Do pill bugs eat fruit fly larvae? If not, how do I get them out of my millipede enclosure? Will they just go away when the rotting vegetables go away? I don't see larvae but I'm not sure what it looks like anyway. I'm guessing they would look like little worms in the soil. I do have many pill bugs in their enclosure and a bunch of babies too. 

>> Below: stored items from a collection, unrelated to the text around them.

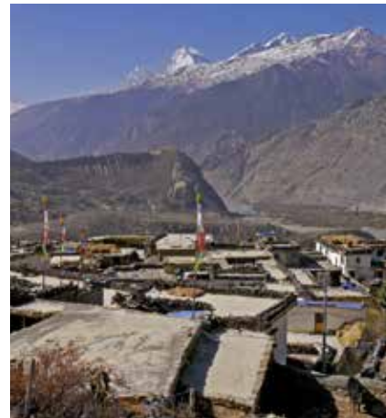
Im Hintergrund der Dhaulagiri...

Bitte lassen Sie sich in jedem Fall von Ihrem Arzt beraten.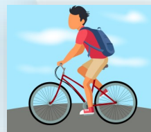
Animations autour du vélo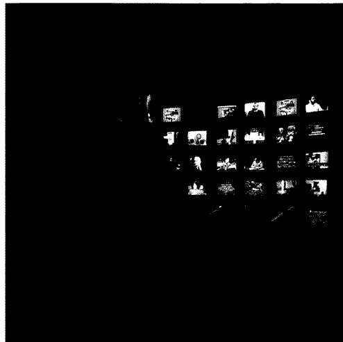
Una vera opportunità di lavoro per i giovani e di visibilità per le imprese

e aziende. A novembre la giuria decreterà i vincitori tra i giovani registi, mentre le aziende potranno disporre pienamente dell'elaborato realizzato. Per seguire tutte le novità consultate il sito www.movieco.it e il blog blog.movieco.it .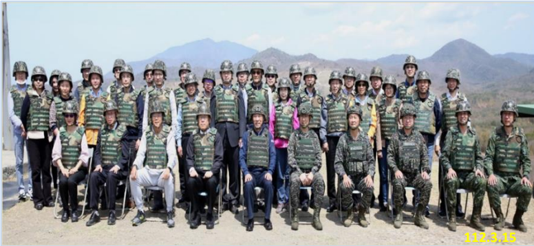
恆春三軍聯訓基地/大合照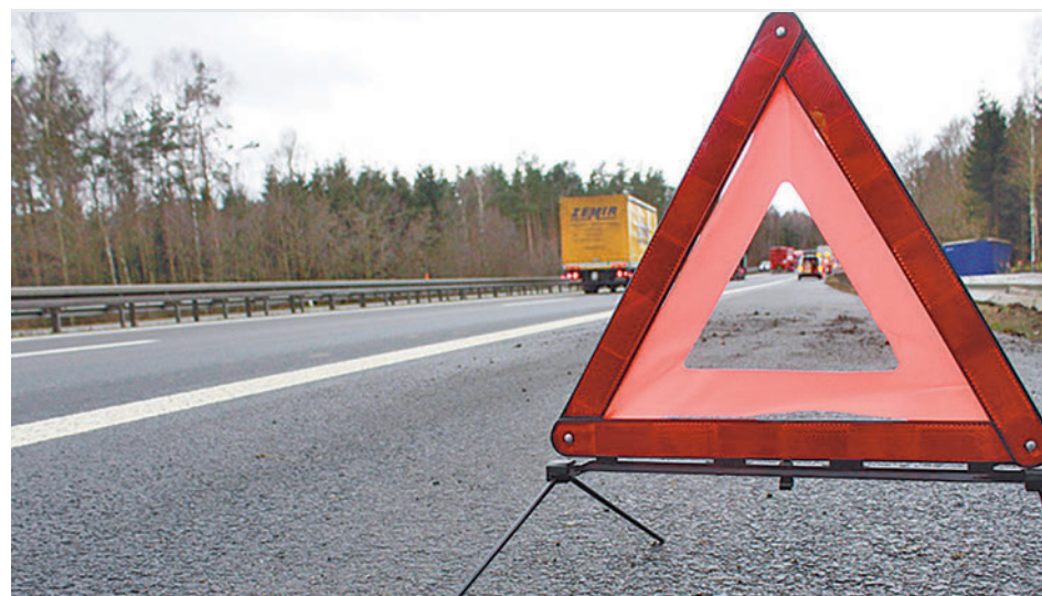
Triángulo de emergencia en una carretera

topistas y autovías este verano “para evitar atropellos”. “Para este verano estamos estudiando a ver si podemos jurídicamente hacerlo”, ha dicho Navarro, que recuerda que la alternativa a esta opción que evita salir del vehículo, la señal V16, no será obligatoria hasta el 1 de enero de 2026. En este sentido, ha explicado que, de momento, es obligatorio colocar los

I also have very, very tiny mites mostly on the rotting vegetables. There has to be hundreds of them. Are they harmful to my millipedes? Will the pill bugs eat the mites or just their eggs? I really don't have enough substrate to clean out the whole thing right now and being that I have so many isopods I'm hoping that just throwing out the vegetables will help. Any input? Thanks!


----------



## GiantVinegaroon (Apr 30, 2012)

njnolan1 said:


> Do pill bugs eat fruit fly larvae? If not, how do I get them out of my millipede enclosure? Will they just go away when the rotting vegetables go away? I don't see larvae but I'm not sure what it looks like anyway. I'm guessing they would look like little worms in the soil. I do have many pill bugs in their enclosure and a bunch of babies too.
> 
> I also have very, very tiny mites mostly on the rotting vegetables. There has to be hundreds of them. Are they harmful to my millipedes? Will the pill bugs eat the mites or just their eggs? I really don't have enough substrate to clean out the whole thing right now and being that I have so many isopods I'm hoping that just throwing out the vegetables will help. Any input? Thanks!

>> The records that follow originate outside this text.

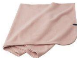
ヒートブランケット 13,200円（税込）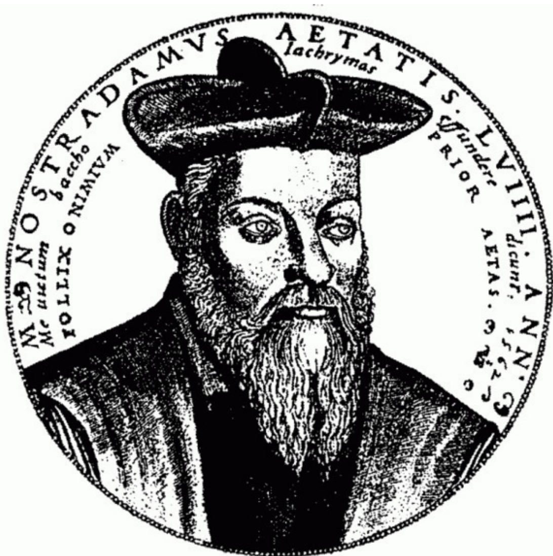
Прижизненный портрет Нострадамуса.

Но почувствовать на себе монаршее неудовольствие Нострадамусу было не суждено: 2 июля 1566 года его свела в могилу подагра, называемая иначе «болезнью гениев». На мраморном надгробии во францисканском монастыре высечена надпись: «Здесь покоятся кости знаменитого Мишеля Нострадамуса, единственного из всех смертных, который оказался достоин запечатлеть своим почти божественным пером, благодаря влиянию звёзд, будущие события всего мира».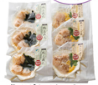
北のグルメキッチン 帆立2種セット (すべて加熱用)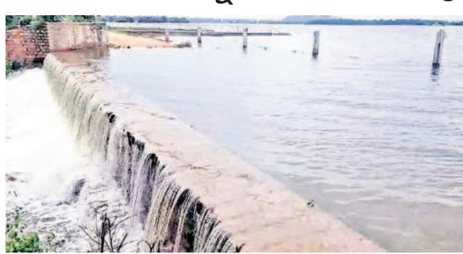
ఘట్కేసర్,సెప్టెంబర్4: మూడు రోజులు పాటు ఎడతెరిపి లేకుండా కురిసిన వర్సాలకు మండలంలోని ఏదులాబాద్లోని లక్ష్మీనారాయణ చెరువు అలుగు పారుతుంది. దీంతో గ్రామ స్థులు,రైతులు,మత్స్యకారులు హర్షం వ్యక్తం చేస్తున్నారు. చెరువు నీరు అలుగు దూకడంతో ఇతర ప్రాంతాల నుంచి వచ్చి చెరువు నీటిని చూసి ఆనందం వ్యక్తం చేస్తున్నారు.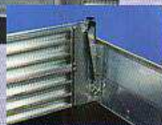
Fixation des rampes

Poids autorisé en fonction du modèle de rampe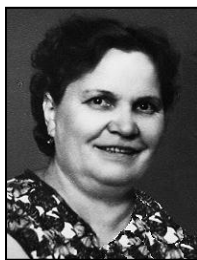
Рис. 7. Моя прабабушка на работе в стоматологической клинике, располагавшейся на пр. Кирова (1969 г.)

В середине 1980-х годов проспект Кирова стал пешеходной зоной Саратова, любимым местом отдыха молодёжи (рис. 8).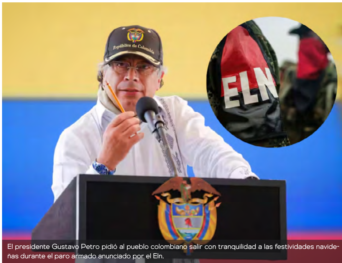
El presidente Gustavo Petro pidió al pueblo colombiano salir con tranquilidad a las festividades navideñas durante el paro armado anunciado por el Eln.

En su declaración, el mandatario señaló que el ELN "nunca entendió que lo más revolucionario que podía hacer era juntar en la práctica el amor eficaz de Camilo Torres Restrepo con la paz del país", y agregó que la organización no comprendió que "ascen-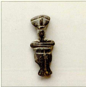
Μικροσκοπικό λίθινο πεπίπτο σε σχήμα ανθρώπινης μορφής από τον Θαλωτό Τάφο Γ στο Φουρνί.

ραλληλιζόντας το με τα πολυάριθμα βασιλικά ανάκτορα της Βρετανίας. Ωστόσο, φαίνεται περισσότερο πιθανό ότι ο τοπικός άρχων των Αργαίων συγγένευε με τη δυναστεία της Κνωσού και διατηρούσε ένα ημι-αυτόνομο καθεστώς, όπως ίσως εκείνο πολλών κρατών της Συρίας κατά την Ύστερη Χαλκοκρατία. Χωρίς τον εντοπισμό γραπτών κειμένων, ίσως να μη γίνει ποτέ γνωστή η ακριβής πολιτική σχέση αυτών των δύο μινωικών κέντρων.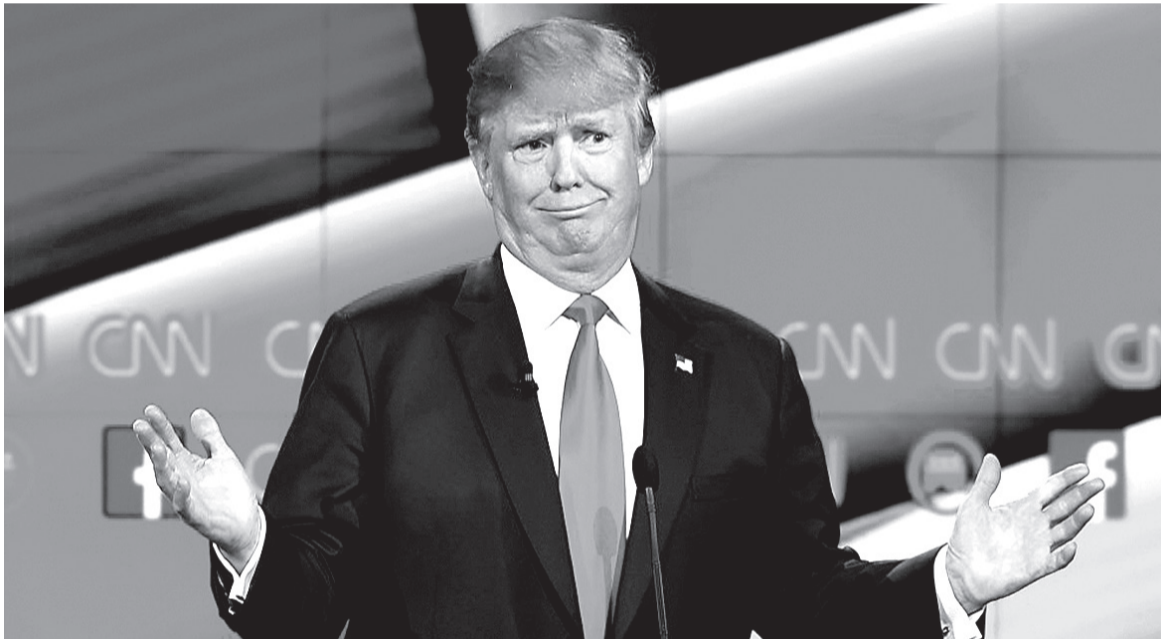
O estudo foi realizado pela empresa de relações públicas Burson Cohn & Wikf (BCW). Foi avaliado o período entre 19 de maio de 2017 e 18 de maio

Apenas os governos de Laos, Mauritânia, Nicarágua, Coreia do Norte, Turquemenistão e Suazilândia não têm representação oficial na rede social.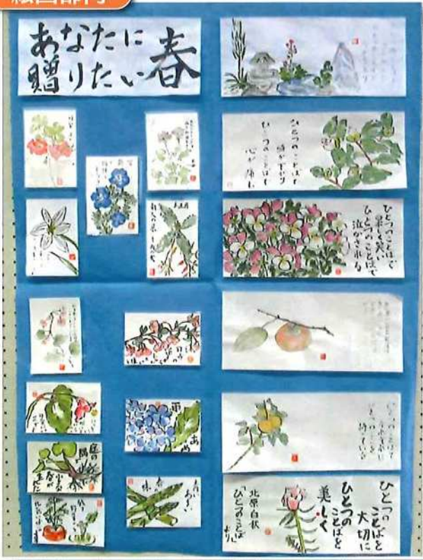
絵手紙「あなたに贈りたい春」

民の方々、また、コロナ禍の中、来場された延べ255名の方々にも、厚く御礼申し上げます。来年度も今から準備していただき、1点でも多くの出展をお願いいたします。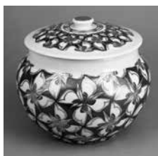
富本憲吉「色絵金銀彩四弁花文飾壺」1960年

日時…5月25日(土)午前10時～正午 対象…小学生以下(未就学児は保護者同伴) 定員…20人(抽選) 経費…200円 申し込み…5月8日(火)までに電話・ファクスで同館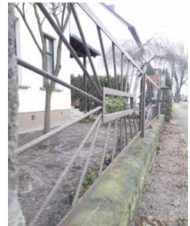
1973 von Manfred Arndt gebaut: Zaun in der Langen Straße.

Daher wird es jetzt im Februar eine erneute Haushaltsdebatte geben.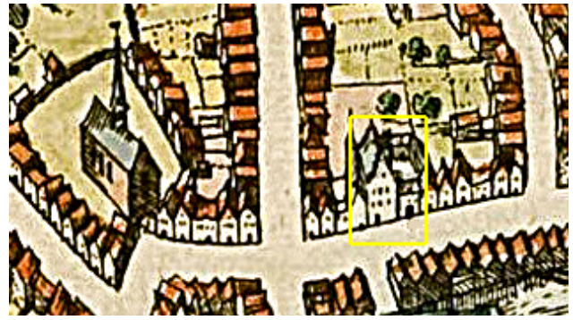
Mijnsherenherberg (binnen gele rechthoek) aan de Voorstraat. Links de kerk van het augustijnenklooster.

De proef vond plaatst in Mijnsherenherberg aan de Voorstraat. Hier logeerden de graven van Holland als zij de stad bezochten.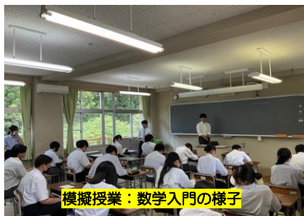
模擬授業：数学入門の様子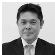
真新会 要 正悟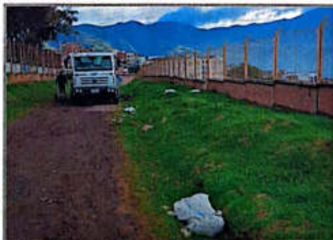
Imagen 11. Evacuación de RCD en el punto crítico

El martes 21 de abril se realizó la recolección de los RCD que se encontraban depositados de manera inadecuada en la calzada vial y zonas verdes ubicadas en el área posterior a la Alcaldía de Pasto, sede Anganoy. Para el desarrollo de esta actividad se empleó el vehículo R-1307 y herramientas manuales, logrando recuperar las condiciones de orden y limpieza del espacio público intervenido.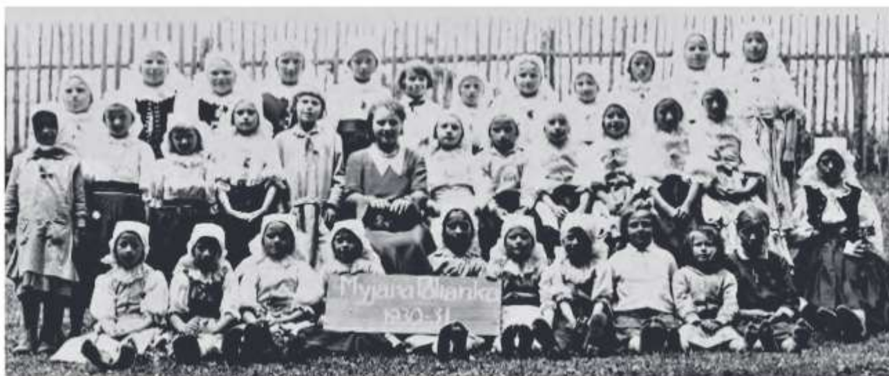
Žiaci školy na myjavských kopaniciach (Polianka), školský rok 1930/1931

Kvietečkové ručníky používané na bežný deň sa v niektorých prípadoch nemuseli škrobiť, vtedy sa uviazali pod bradou na bačku alebo sa preložili okolo hrdla a uviazali na zátylku. Takto ich nosili aj školopovinné deti.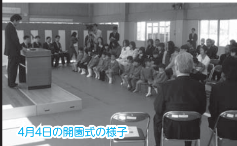
4月4日の開園式の様子

3月26日に、豊田前保育園が園舎移転に伴い閉園するため、卒園式と閉園式が開催されました。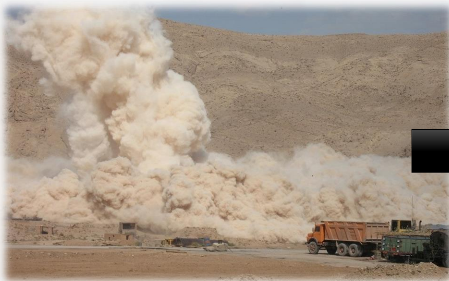
حفاری و آتشیاری

نمونه عکس های مربوط به عملیات تخصصی راه سازی

If these are fruit flies in your enclosure, then getting rid of rotting food will help combat their numbers.  Generally, the maggots live in the food item.  If they're in the soil, they could possibly be fungus gnats.  Not sure if the isopods will eat them, but they may possibly outcompete them and mites for food.

If the mites are not attaching themselves to the millipedes, then you have nothing to worry about.


----------



## Anonymity82 (Apr 30, 2012)

GiantVinegaroon said:


> If these are fruit flies in your enclosure, then getting rid of rotting food will help combat their numbers.  Generally, the maggots live in the food item.  If they're in the soil, they could possibly be fungus gnats.  Not sure if the isopods will eat them, but they may possibly outcompete them and mites for food.
> 
> If the mites are not attaching themselves to the millipedes, then you have nothing to worry about.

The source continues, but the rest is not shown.